__How to complete this task__: Write out, word for word and with no pictures, each line below from the one containing "Figure 3. Dynamics" through the one containing "Vintage YarnWorks Sweater", both included, and no other line.

__Supplied data__:
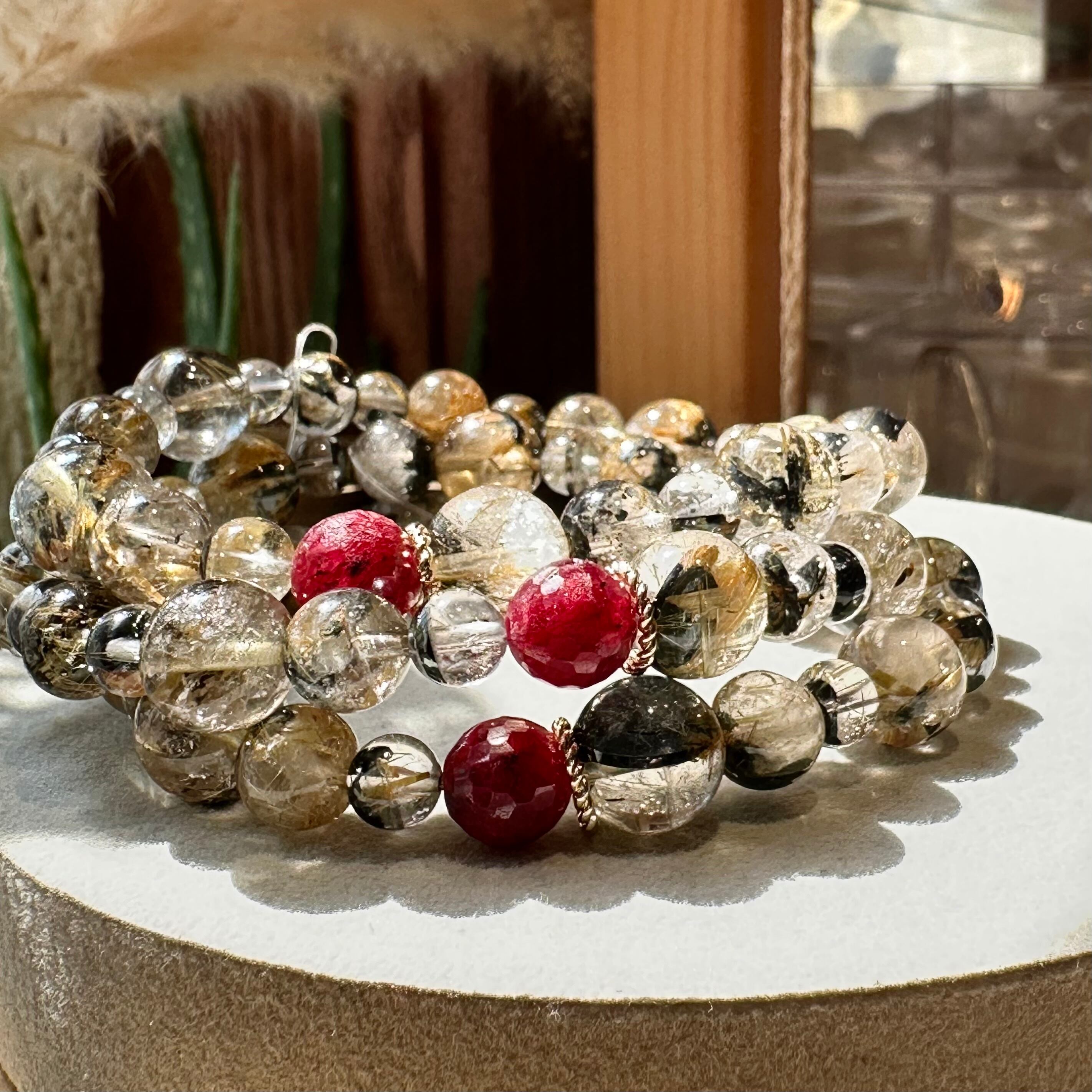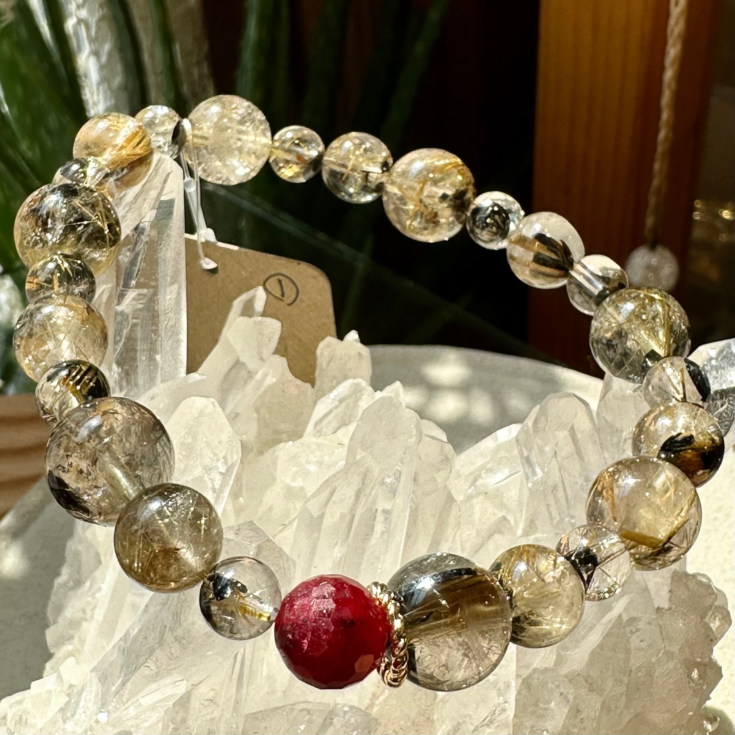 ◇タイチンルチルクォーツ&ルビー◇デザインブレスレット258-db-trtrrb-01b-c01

---

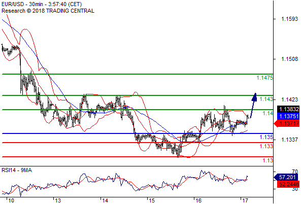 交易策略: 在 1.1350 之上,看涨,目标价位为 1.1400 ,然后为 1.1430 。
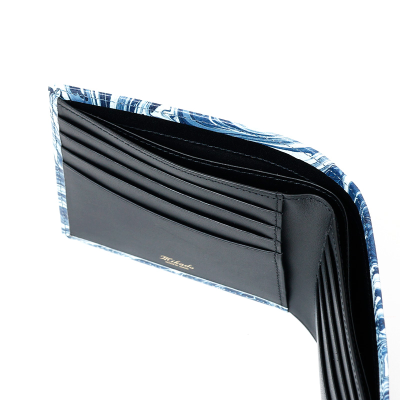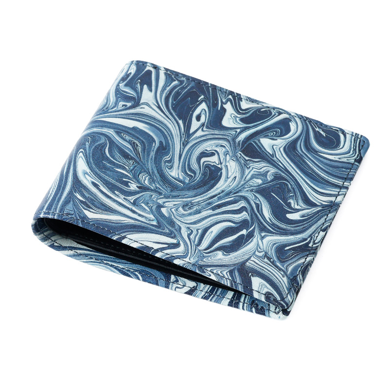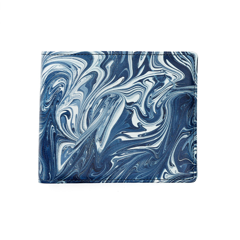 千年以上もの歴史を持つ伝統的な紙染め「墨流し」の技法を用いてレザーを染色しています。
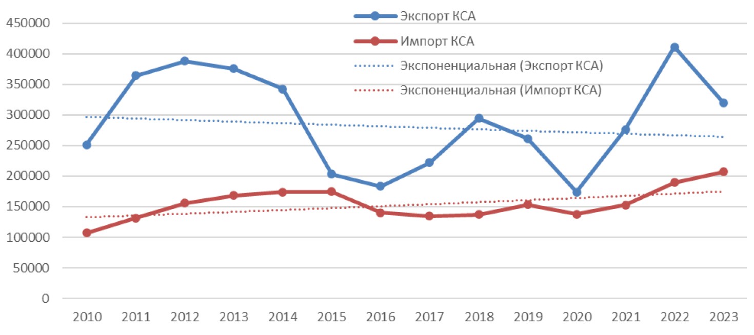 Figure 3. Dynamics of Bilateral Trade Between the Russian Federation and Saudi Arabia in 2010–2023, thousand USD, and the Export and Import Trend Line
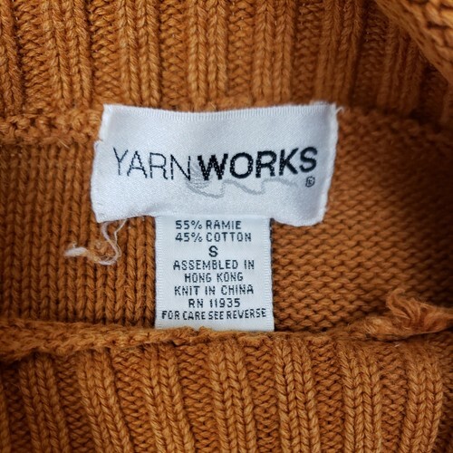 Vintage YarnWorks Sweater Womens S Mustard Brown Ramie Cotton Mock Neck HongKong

__Task response__:
 Figure 3. Dynamics of Bilateral Trade Between the Russian Federation and Saudi Arabia in 2010–2023, thousand USD, and the Export and Import Trend Line
 Vintage YarnWorks Sweater Womens S Mustard Brown Ramie Cotton Mock Neck HongKong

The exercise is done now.